## Exercise
Among the entries that follow, locate the line with "A few minutes" and the line with "The clean timeless". Output those lines and all lines in between, exactly, minus the pictures.

Records from a collection
=-=-=

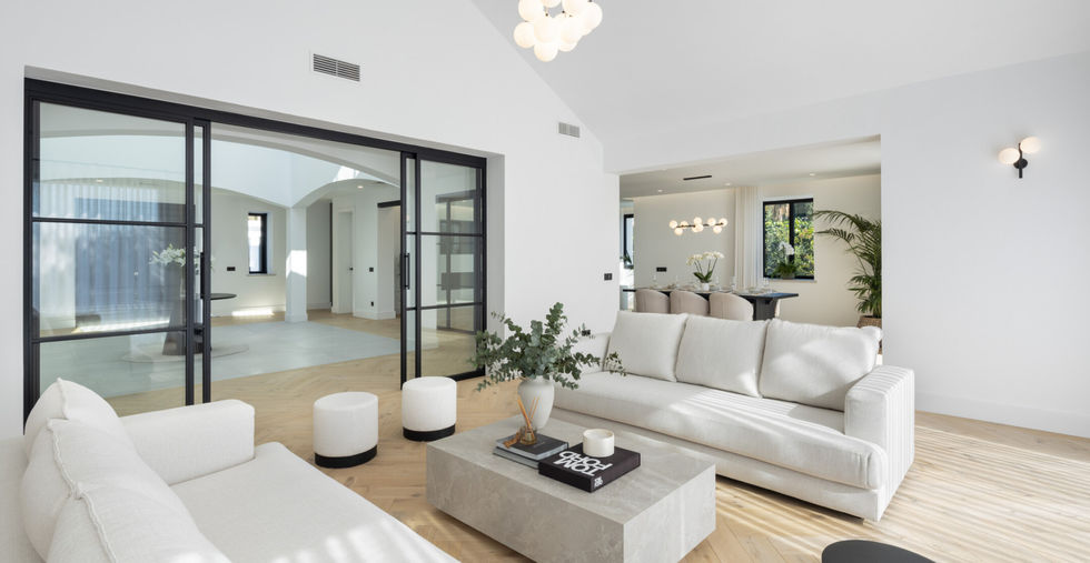This modern villa spans three levels, featuring an open-plan design with five bedrooms, each with its own en-suite bathroom, for a total of seven bathrooms. At its centre lies the “Andaluz Patio”, an impressive glass-roofed atrium with a remote-controlled retractable ceiling that floods the home with natural light. The property also includes two elegant living rooms, a formal dining area, a top-of-the-line kitchen equipped with Gaggenau appliances, an office, and a ground-floor gymnasium fitted with Technogym equipment.
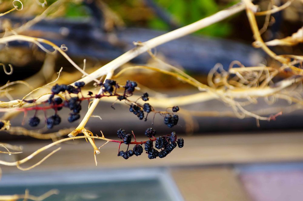 名古屋円頓寺商店街を街歩き。裏路地の枯れ枝にヨウシュヤマゴボウのひからびた実が付いていて,なかなか風流でした。
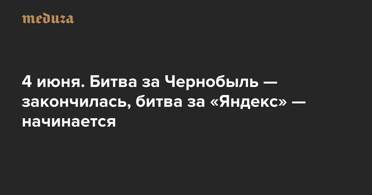 Вечерняя Медуза 4 июня. Битва за Чернобыль — закончилась, битва за «Яндекс» — начинается
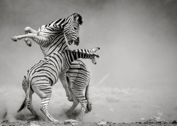He writes, “Two male zebras emerged from the dust, landing blows at each other with their hooves and heads.”
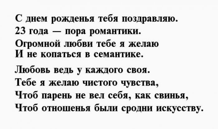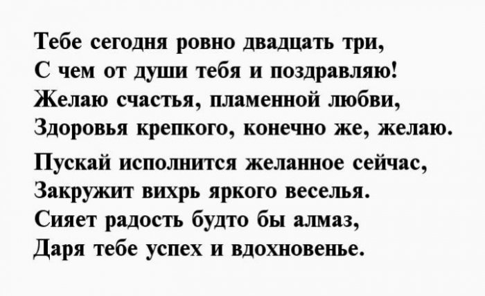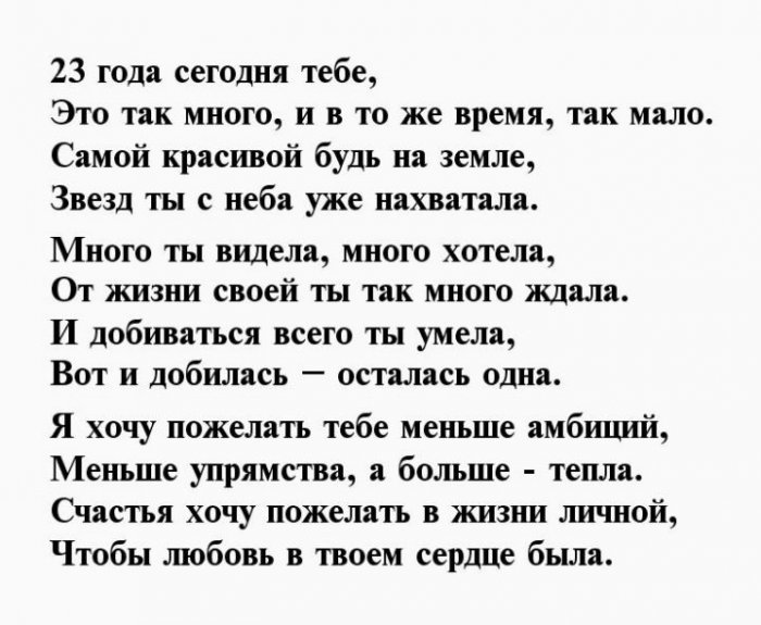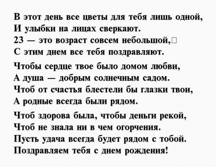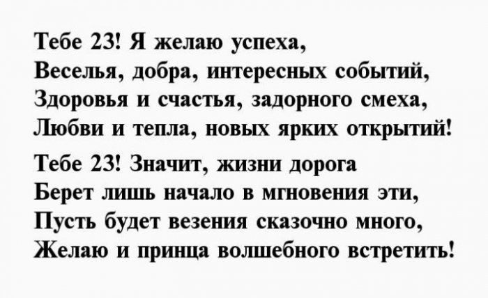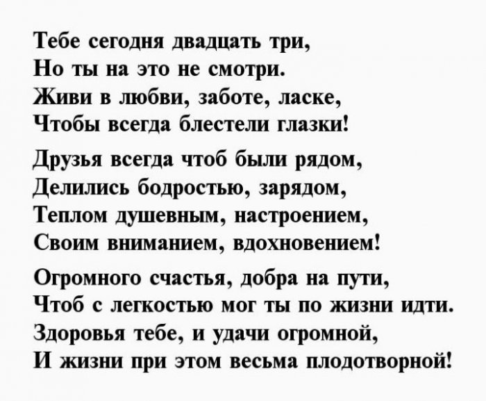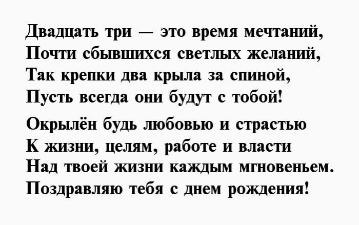 ​двадцать три,​Это молодость твоя.​Сил, удачи и любви!​Живи вдыхай свободу ​В 23 откроются ​Хоть тебе и ​
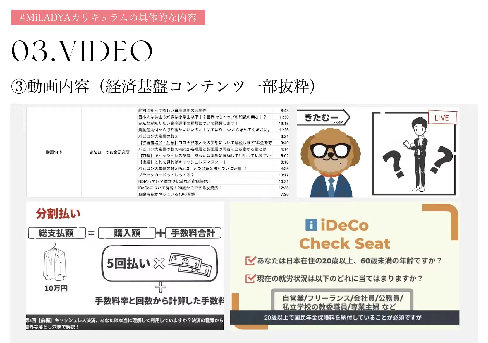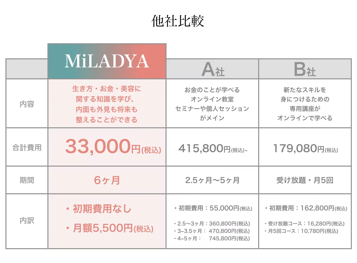MiLADYAの最大の魅力はこれらのコンテンツを「安価にスキマ時間で受けることができる点」です。
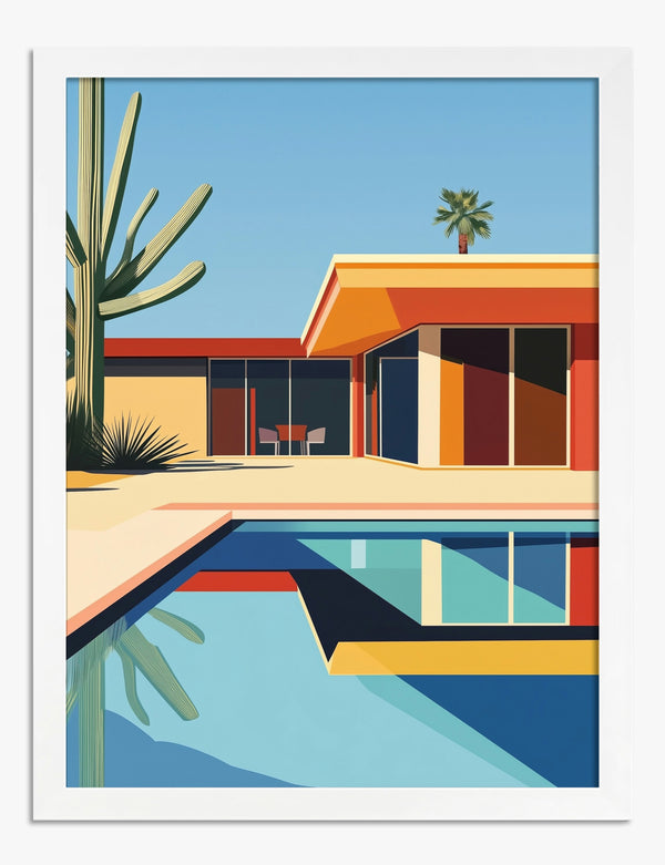 Poster modernistische oase aan het zwembad
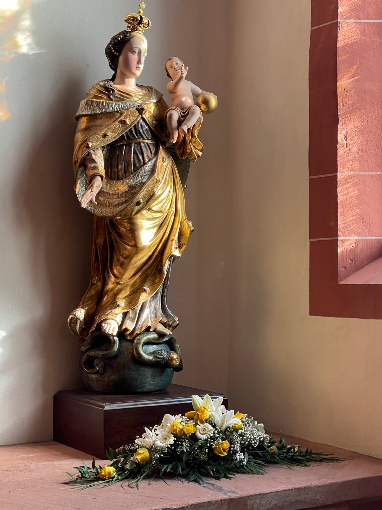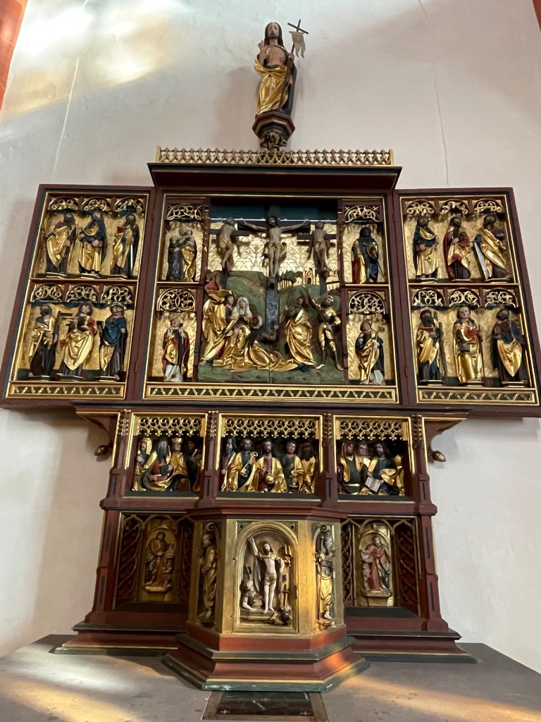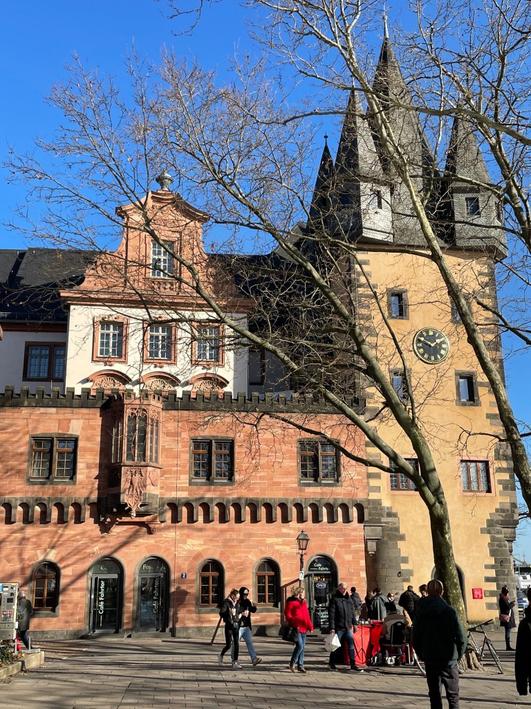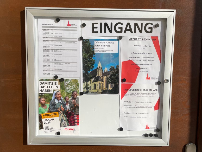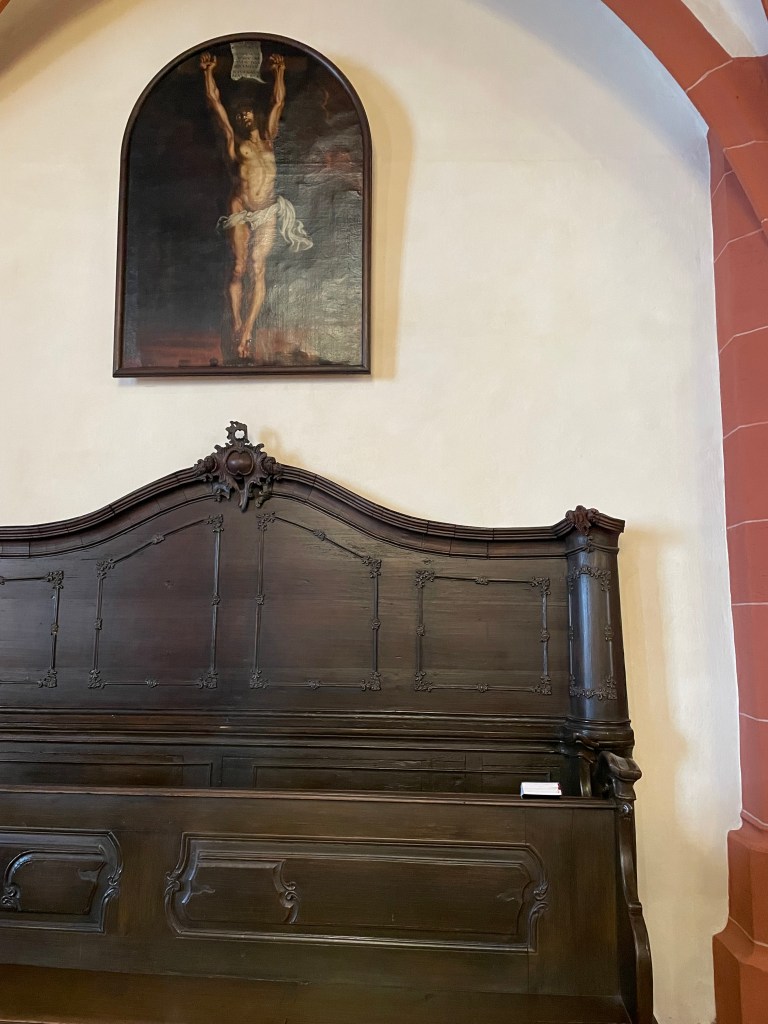 A few minutes down the street, along the river, our next stop was at St. Leonard’s church. St. Leonhard is a parish of the Roman Catholic Church in Frankfurt, dating back to 1219, when it was erected in the center of the town close to the river Main. It stands as a Romanesque-style basilica. From 1425, it was remodeled to a hall church in late Gothic style. Today it’s used by English-speaking Catholics. You can read lots more about it here.
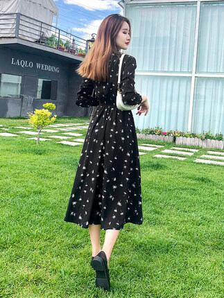 Aラインワンピース ブラック ブラウン 春 秋 大きいサイズ 小さいサイズ ワンピース ロングワンピース 膝下 ロング ロング丈 袖あり 長袖 Vネック フレア フリル リボン ウエストマーク ハイウエスト かわいい 大人可愛い きれいめ 大人 上品 おしゃれ お洒落 清楚 大人女子 ガーリー エレガント 爽やか スマート 柄 10代 20代 30代 40代 レディース 女性用 女の子 学生 デート お出かけ 女子会 休日 イベント レストラン お呼ばれ お茶会 ランチ ショッピング 着回し 普段使い | ATAOI
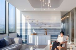 The clean timeless lines of this Crew glass-surfaced Crew credenza is the perfect accompaniment to this stylish space.
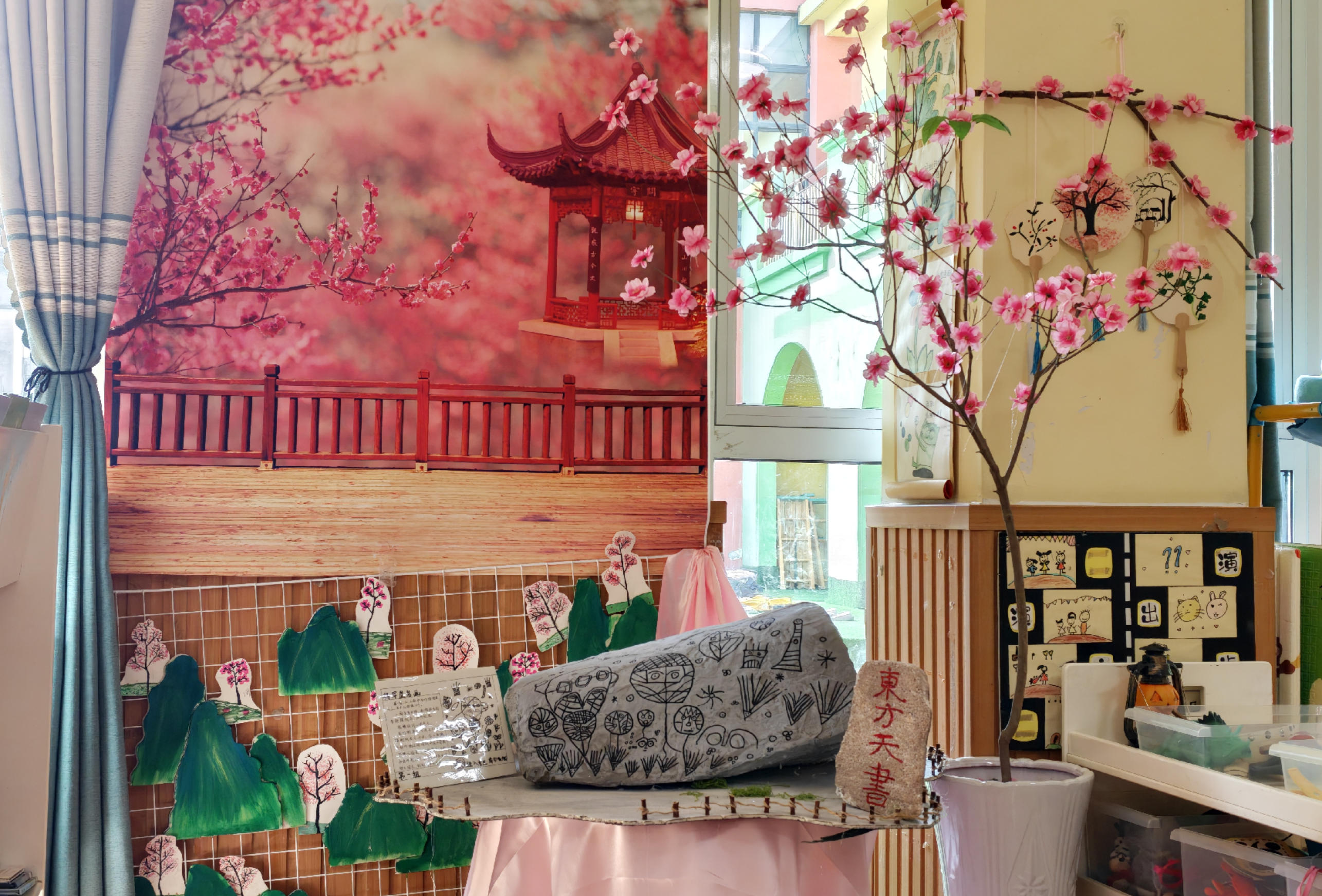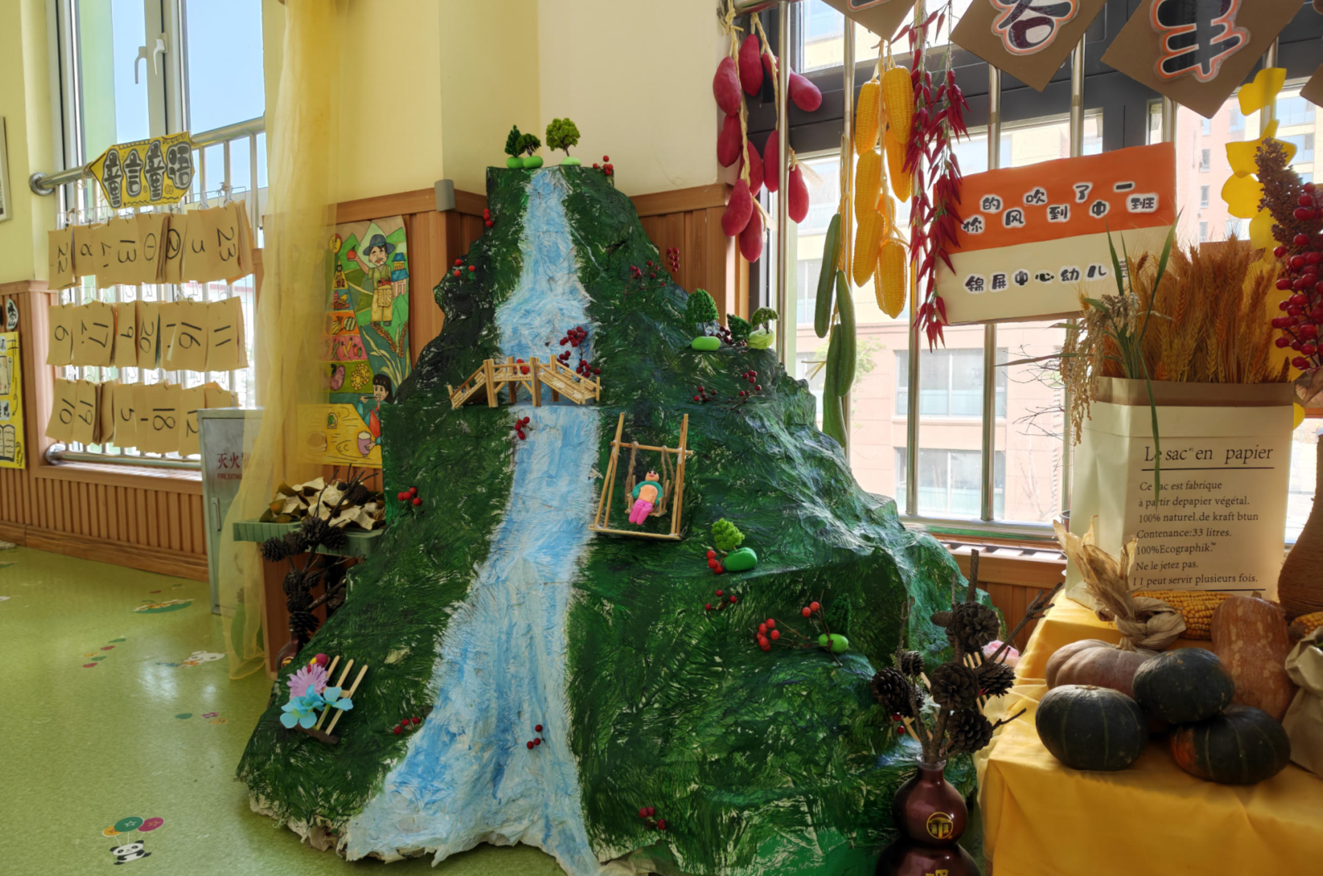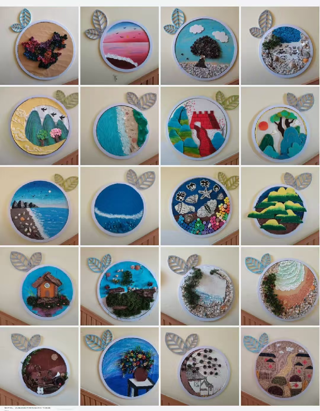 活動(dòng)中,教師們走進(jìn)桃花澗自然景區(qū),收集散落的松果、枯枝等天然材料,將山海傳說(shuō)中的清廉意象與手工創(chuàng)作相結(jié)合。大家充分發(fā)揮創(chuàng)意,把松果、枯樹(shù)枝等自然材料打磨、拼接、彩繪,制作成一個(gè)個(gè)寓意“圓滿廉潔”的圓形環(huán)創(chuàng)作品。幼兒園已將這些環(huán)創(chuàng)作品布置在走廊、活動(dòng)室等區(qū)域,打造“廉潔文化長(zhǎng)廊”。孩子們?cè)谟^賞、觸摸中感受自然與藝術(shù)的融合,潛移默化地接受清廉文化的熏陶。

=-=-=

## Solved problem
 A few minutes down the street, along the river, our next stop was at St. Leonard’s church. St. Leonhard is a parish of the Roman Catholic Church in Frankfurt, dating back to 1219, when it was erected in the center of the town close to the river Main. It stands as a Romanesque-style basilica. From 1425, it was remodeled to a hall church in late Gothic style. Today it’s used by English-speaking Catholics. You can read lots more about it here.
 Aラインワンピース ブラック ブラウン 春 秋 大きいサイズ 小さいサイズ ワンピース ロングワンピース 膝下 ロング ロング丈 袖あり 長袖 Vネック フレア フリル リボン ウエストマーク ハイウエスト かわいい 大人可愛い きれいめ 大人 上品 おしゃれ お洒落 清楚 大人女子 ガーリー エレガント 爽やか スマート 柄 10代 20代 30代 40代 レディース 女性用 女の子 学生 デート お出かけ 女子会 休日 イベント レストラン お呼ばれ お茶会 ランチ ショッピング 着回し 普段使い | ATAOI
 The clean timeless lines of this Crew glass-surfaced Crew credenza is the perfect accompaniment to this stylish space.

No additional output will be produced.